## WHAT TO PRODUCE
Data follows below. Repeat exactly the lines between the line holding "ニットベスト レディース ニット" and the line holding "Bring a touch", inclusive, and nothing more; drop pictures.

## RECORDS PROVIDED
__________________________________________________

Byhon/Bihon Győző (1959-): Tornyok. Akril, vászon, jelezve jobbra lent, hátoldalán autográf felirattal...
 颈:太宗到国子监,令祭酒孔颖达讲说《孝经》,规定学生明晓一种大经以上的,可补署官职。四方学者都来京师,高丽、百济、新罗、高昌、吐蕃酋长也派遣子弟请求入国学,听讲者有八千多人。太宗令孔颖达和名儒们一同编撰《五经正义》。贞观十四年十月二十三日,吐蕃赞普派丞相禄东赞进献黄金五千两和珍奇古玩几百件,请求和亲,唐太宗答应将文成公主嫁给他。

__________________________________________________

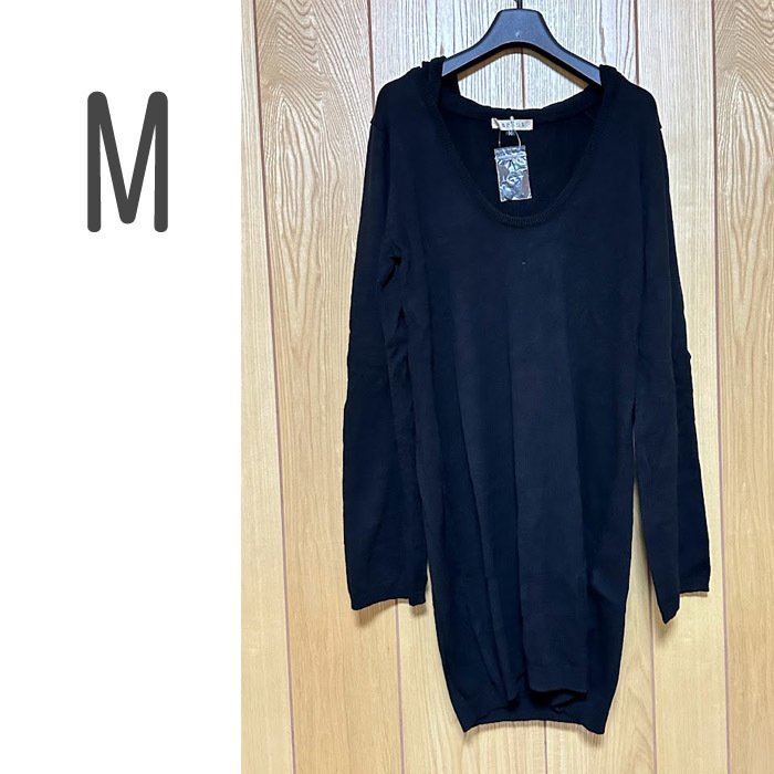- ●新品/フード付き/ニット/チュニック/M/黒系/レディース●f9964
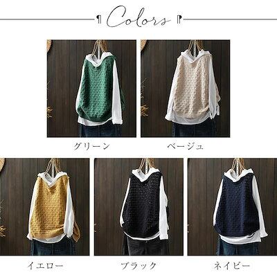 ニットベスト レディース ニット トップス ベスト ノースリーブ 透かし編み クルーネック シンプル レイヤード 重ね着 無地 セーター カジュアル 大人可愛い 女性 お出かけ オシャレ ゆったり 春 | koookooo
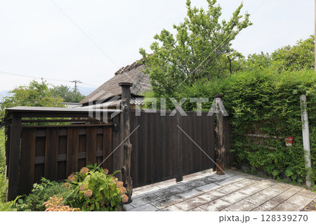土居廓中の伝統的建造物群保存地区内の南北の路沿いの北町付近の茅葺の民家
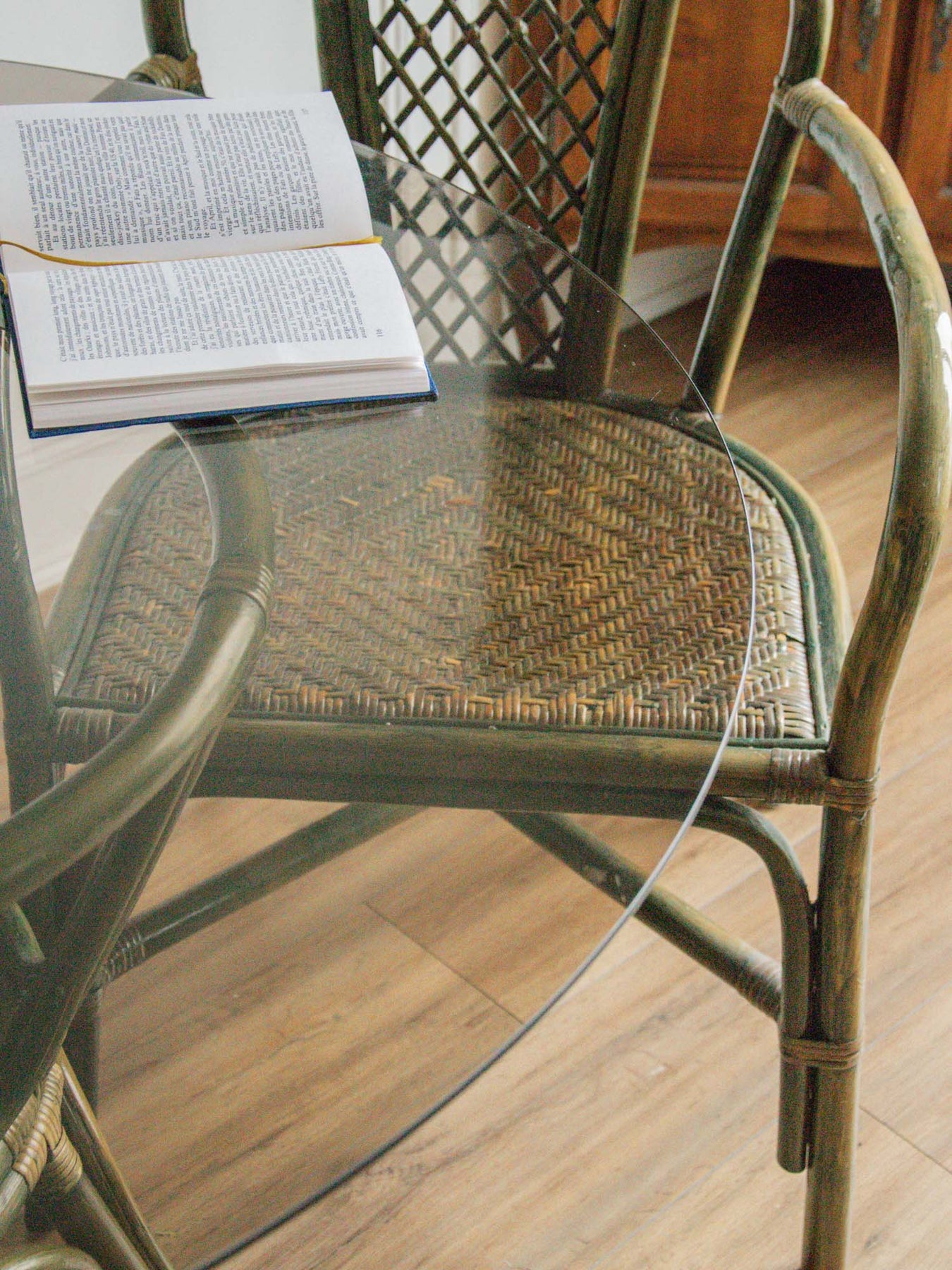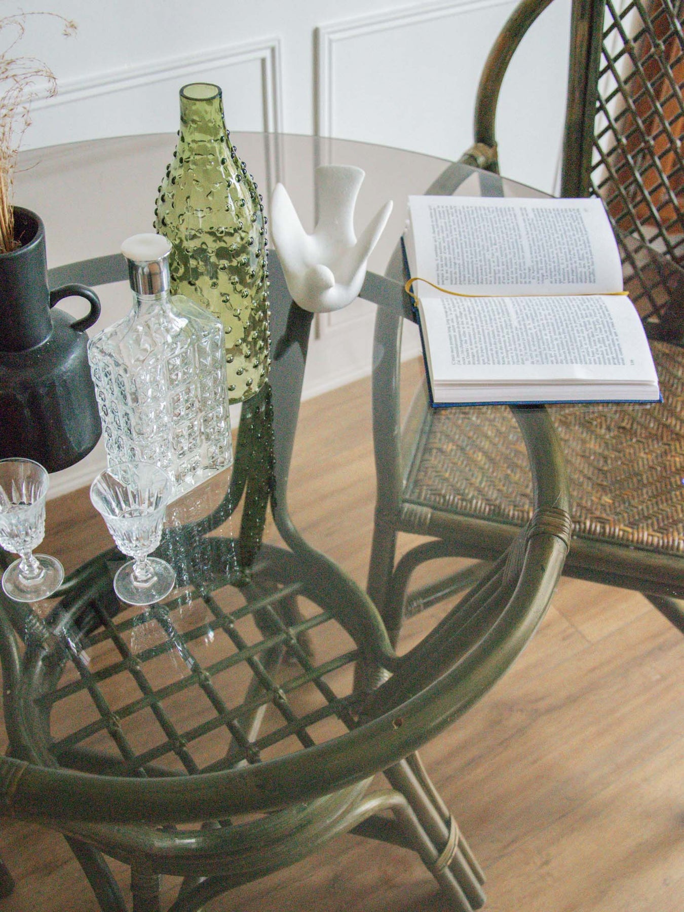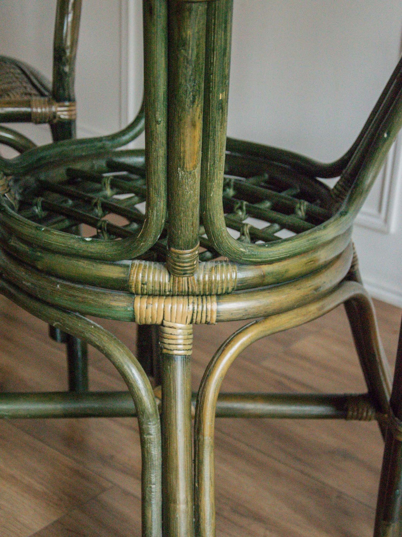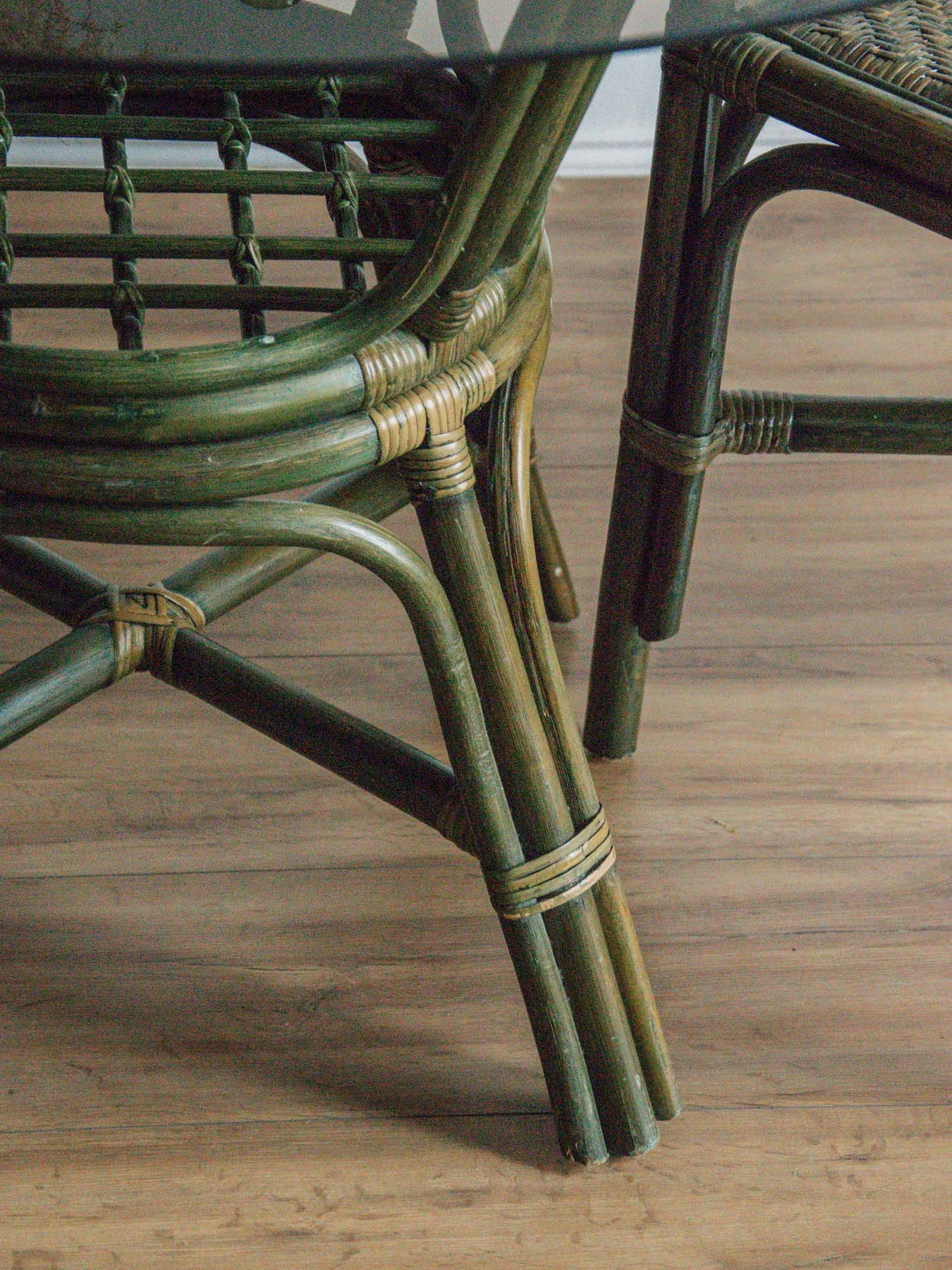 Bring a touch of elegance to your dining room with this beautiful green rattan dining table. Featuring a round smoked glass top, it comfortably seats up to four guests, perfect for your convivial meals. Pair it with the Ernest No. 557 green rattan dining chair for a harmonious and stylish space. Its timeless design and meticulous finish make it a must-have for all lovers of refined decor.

__________________________________________________

## REPLY
 ニットベスト レディース ニット トップス ベスト ノースリーブ 透かし編み クルーネック シンプル レイヤード 重ね着 無地 セーター カジュアル 大人可愛い 女性 お出かけ オシャレ ゆったり 春 | koookooo
土居廓中の伝統的建造物群保存地区内の南北の路沿いの北町付近の茅葺の民家
 Bring a touch of elegance to your dining room with this beautiful green rattan dining table. Featuring a round smoked glass top, it comfortably seats up to four guests, perfect for your convivial meals. Pair it with the Ernest No. 557 green rattan dining chair for a harmonious and stylish space. Its timeless design and meticulous finish make it a must-have for all lovers of refined decor.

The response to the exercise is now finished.